床の畳からイグサを収穫し煮て食べるかと思い始めたその時、私はリュウと目が合った。存在しないはずの目であるが私は感じたのだ。リュウの慈愛に満ちたその瞳を。
私は足取りおぼつかなく夢遊病患者のようだった。ふらふらとリュウに近付き、ペティナイフを枝先に通した。鉄のように硬く、檜のようにしなやかなリュウだったが、抵抗一つなく、ナイフは重力に逆らうことなく刃は進んだ。
飴玉大に切り落とされたリュウを、私は口に含んだ。
舌で転がすと最初は無味であったが、段々と複雑怪奇な妙味を醸す。スナック菓子のようにジャンクでフランス料理の用に完成されている。その味は一秒ごとに印象を変え、私は既にリュウの虜であった。しかし親友ともいえる同居人を口にした罪の意識も事実であり、私がリュウを食するのは週に一度ほどに落ち着いた。
枝の先端をスライスしてクッキーのように食していたところ、果実のように実った丸い突起を発見したりもあった。ぼんやりと光を放っていたが、もちろんそれも食べた。その突起はえもいわれぬ複雑怪奇さで繰り返し食べたくも思ったが、残念ながら二度目にすることはなかった。
リュウを取り入れてからというもの私の身体は少しばかりの変化が起きていた。私の浸かる風呂の湯が、一向に冷めないのである。冷めないばかりでなく、翌日のぬるま湯に浸かれば適温まで勝手に温まる。さらには我が部屋の古く水圧が弱いシャワーが、全盛期の勢いを取り戻すまであった。
私の身体の変化ではないようにも思えるが来客が風呂を使っても同様の現象は起こらず、我が身体のことは私が一番よくわかるのだった。
私はアパート近くの海岸沿いを散歩していた。リュウと出会った日のことは酒の所為で詳しくは覚えていないか、恐らくこの海岸での出来事だろう。ここは私の定番散歩道であり、第二第三のリュウはいないものかと目を光らせていたが、終ぞ出会うことはなかった。
新たな出会いといえば、今しがた発見した少女くらいなものである。彼女は砂浜に倒れており、全身を海水で濡らして服装は薄布一枚で素肌が透けていた。歳のころは十四、五だろうか。枯れ枝のように細い手足、起伏の少ない身体つきは未発達の果実を思わせる。

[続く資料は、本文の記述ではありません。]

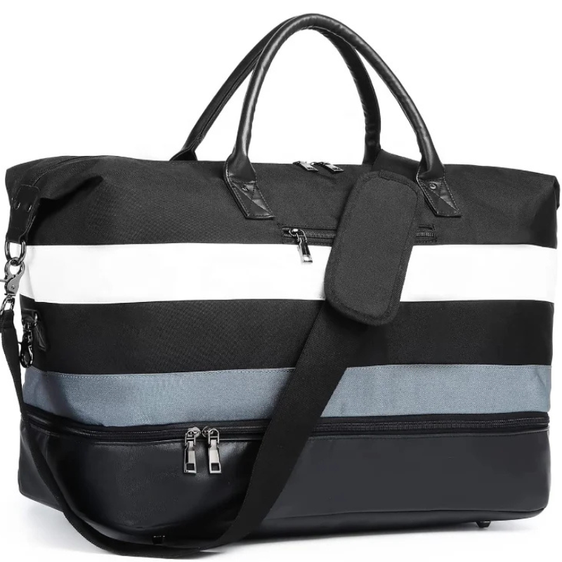 This Striped Weekender Duffel Bag is designed to provide both style and functionality, making it an excellent choice for travel and gym use. Featuring a spacious design with multiple compartments, including a dedicated shoe compartment, this bag ensures you can carry all your essentials with ease.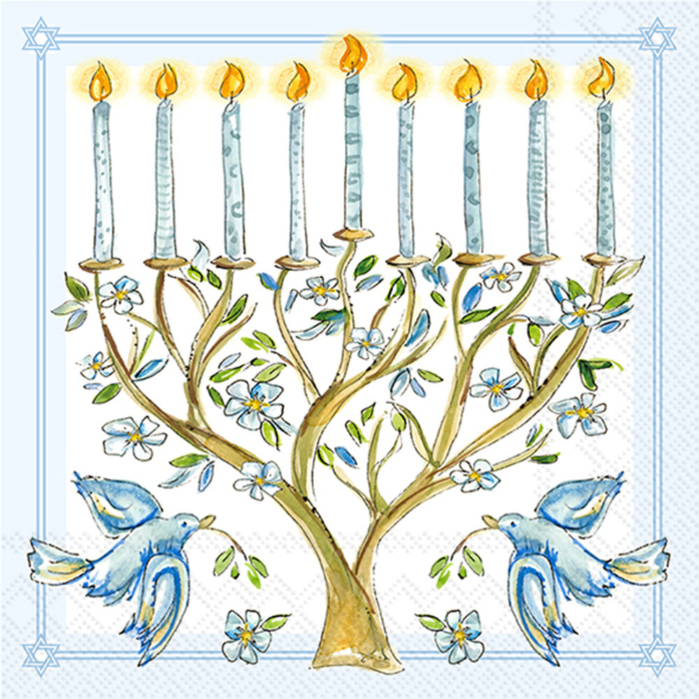 Grace your gathering with the RB Menorah Cocktail Napkin, featuring an elegant watercolor menorah with glowing candles, flowering branches, and peaceful doves in a serene blue-and-gold palette. Crafted from quality paper, these cocktail napkins lend a refined, meaningful touch to drinks and small bites. Approximate dimensions are 5 x 5 x 1 inches. German printed on soft, 3-ply paper.

放って帰るわけにもいかないだろうと私は少女を部屋に連れて帰ることとした。決してやましい気持ちなどではない。人としての矜持である。
私は彼女を布団に寝かし、リュウに干しておいた毛布をかける。彼女を運んだときに気付いたが、驚くほどに、紙のように軽かった。まともな食事をとっていないのかもしれない。目を覚ました時に温かい食事でもあるといいだろう。私は彼女のためにラーメンを作りはじめた。
「……ぅん」
少女が意識を取り戻したのと、ラーメンが完成したのは殆ど同時だった。
「目が覚めたかい。腹が減っているのだろう、まずは食べなさい」
私が丼を置くと、彼女は寝ぼけているのか焦点の合わない目を見せたが、合点がいったのか恐る恐ると食べ始めた。食べ始めてからは早いものでほんの数口で丼いっぱいのラーメンをスープまで飲み干してしまった。よっぽどお腹が空いていたことであろう。
腹が膨れて落ち着いたのか、彼女は周囲を見回している。見回すと言っても私の部屋の殆どはリュウに覆われているのだが。彼女の視線も、やはりリュウに夢中であった。
少女の目を見ると、うっすら涙が滲んでいる。立ち上がりリュウに手を添えて、言った。
「父さん……こんなところに……」
堰を切ったように彼女は声を上げて泣き始めた。リュウの娘を自称した少女が何者なのか。その逆に、少女の父というリュウとは一体何物なのか。私は訳もわからず、リュウを抱きしめている彼女を見るしかできなかった。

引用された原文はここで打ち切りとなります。